Through it all, Vanderbilt has the urge to create. She flirts with acting and writes memoirs, poetry and fiction. She designs stylish, offbeat interiors — a penthouse with black-and-white-tiled floors that, Goodman writes, has “the enchantment of a film set by the artist Christian Bérard”; a townhouse whose every surface is covered in patchwork; a gingham-swathed Stanford White Southampton “cottage” — that are the antitheses of the empty marble sarcophagi she grew up in.
She makes paintings: stylized canvases reminiscent of Marie Laurencin’s work, collages that look like Édouard Vuillard channeling Frida Kahlo and surreal oversized assemblages called Dream Boxes. And she transforms herself into an art object, posing beside her artwork in silver harem pants and toe rings or wearing the black boots and ribbons of a Spanish grandee.

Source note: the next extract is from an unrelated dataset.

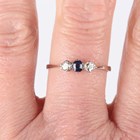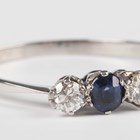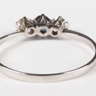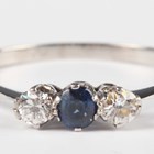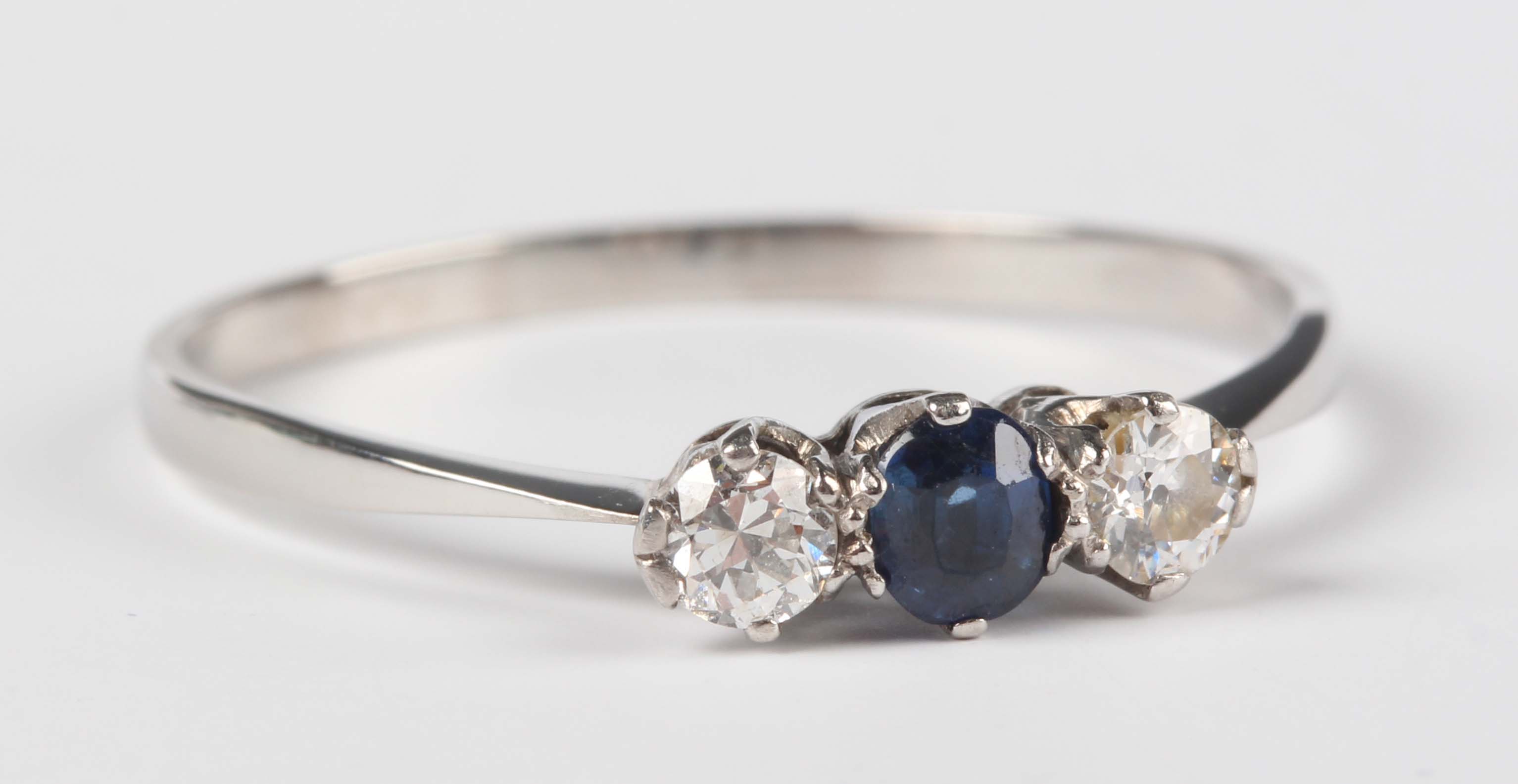 A platinum, sapphire and diamond ring, claw set with an oval cut sapphire between two circular cut diamonds, indistinct mark, weight 1.9g, ring size approx R.

It’s these poses, these paintings and interiors and the still lifes she creates, on tabletops or mantelpieces, out of beautiful and unexpected trinkets like old silver, vintage dolls’ heads or antique beads that mark her as more than a symbol of wealth and style, more than a celebrity with good taste. In The World of Gloria Vanderbilt you can see her taking life and rearranging it into a more pleasing or more interesting form, sometimes with herself at the center, sometimes — as in one of Avedon’s photographs — cropped out of the image entirely except for her pajama-clad legs, poised on a ladder that extends beyond the picture’s upper frame. Handed lemons on the silver tray that was her birthright, she has made lemonade from them — perhaps as good a definition of an artist as any other.